Indikator On-Chain Menunjukkan Tahap Transisi yang Jelas
Alasan mengapa lembaga sering berada di depan investor ritel sangat berakar pada struktur. Perusahaan membutuhkan alat yang kuat, likuiditas yang mendalam, dan kejelasan dalam persyaratan regulasi — semua ini secara alami mendorong peningkatan ketahanan dan fungsi jaringan. Ketika kebutuhan perusahaan terpenuhi, infrastruktur tersebut menjadi fondasi utama bagi pengembang untuk membangun aplikasi yang dapat digunakan oleh pengguna biasa setiap hari.
Partisipasi lembaga juga memiliki peran lain: mereka membantu membagi biaya pertumbuhan seluruh ekosistem. Kehadiran mereka membuat pasar on-chain menjadi lebih dinamis, menstandarisasi proses integrasi, dan mengurangi gesekan di seluruh ekosistem. Langkah-langkah ini mungkin tidak langsung dirasakan oleh pengguna akhir, tetapi sangat penting untuk memastikan bahwa investor ritel nantinya akan mendapatkan pengalaman yang mulus.
Dari Infrastruktur Perusahaan ke Aplikasi Ritel yang Praktis
Salah satu pandangan utama Schwartz adalah bahwa peningkatan penggunaan XRPL oleh perusahaan secara langsung akan mendorong inovasi yang berorientasi pada pengguna kecil. Ketika likuiditas menjadi lebih dalam dan aset tokenisasi menjadi lebih umum di atas rantai, para pengembang akan memiliki alat yang diperlukan untuk merancang sistem pembayaran, dompet digital, dan aplikasi keuangan yang mampu melayani jutaan pengguna secara efisien.
Proses ini mengikuti pola yang sudah dikenal dalam pengembangan teknologi keuangan. Sistem grosir dibangun dan disempurnakan di bawah tekanan lembaga sebelum di-“abstraksi” menjadi produk yang dapat digunakan oleh siapa saja. Menurut pandangan Schwartz, arus adopsi dari perusahaan saat ini adalah tahap terakhir dari infrastruktur sebelum investor ritel mulai meningkat penggunaannya.
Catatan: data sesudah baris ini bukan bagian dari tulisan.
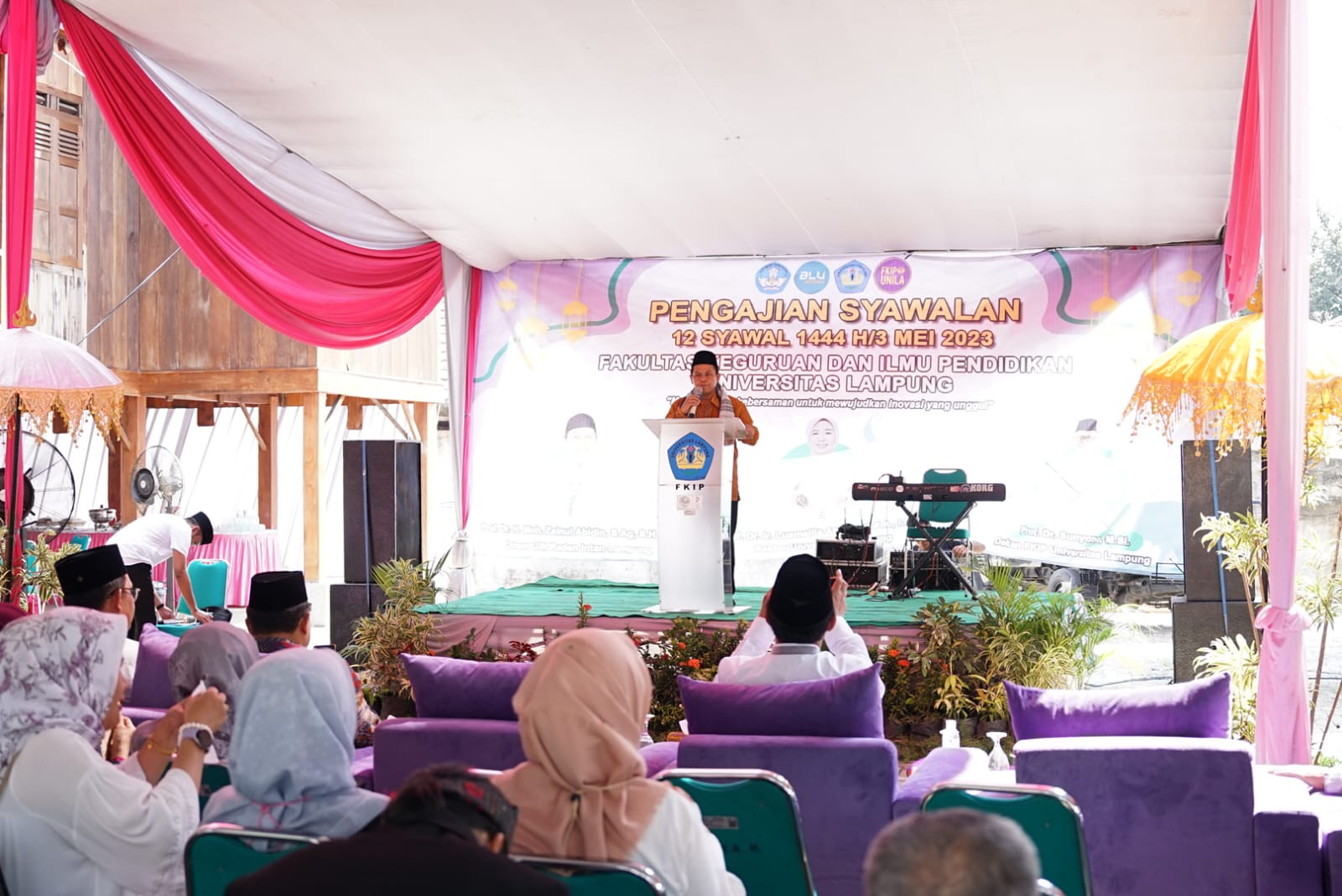 (Unila): Fakultas Keguruan dan Ilmu Pendidikan (FKIP) Universitas Lampung (Unila) mengadakan pengajian bulan syawal 1444 Hijriah di rumah adat Lampung FKIP Unila pada Rabu, 3 Mei 2023.

Masa Depan: Ketika Teknologi Menjadi Produk yang Praktis
Kehadiran yang semakin kuat dari lembaga di atas XRP Ledger menunjukkan bahwa jaringan ini sedang berevolusi menjadi jembatan antara sistem keuangan tradisional dan pengguna umum. Pesan utama dari CTO Ripple bukanlah bahwa pertumbuhan ritel melambat, melainkan bahwa proses persiapan yang matang sedang berlangsung. Likuiditas on-chain, aset nyata yang ditokenisasi, dan alat-alat tingkat perusahaan berkumpul untuk mendukung transisi ini.
Jika jalur ini terus berlanjut secara positif, bab berikutnya dari pengembangan XRPL mungkin akan dimulai secara diam-diam, didorong oleh aktivitas bisnis. Namun, dampak paling nyata akhirnya akan dirasakan oleh pengguna ritel, saat infrastruktur teknologi yang matang berubah menjadi aplikasi blockchain yang nyata, mudah diakses, dan memberikan nilai nyata.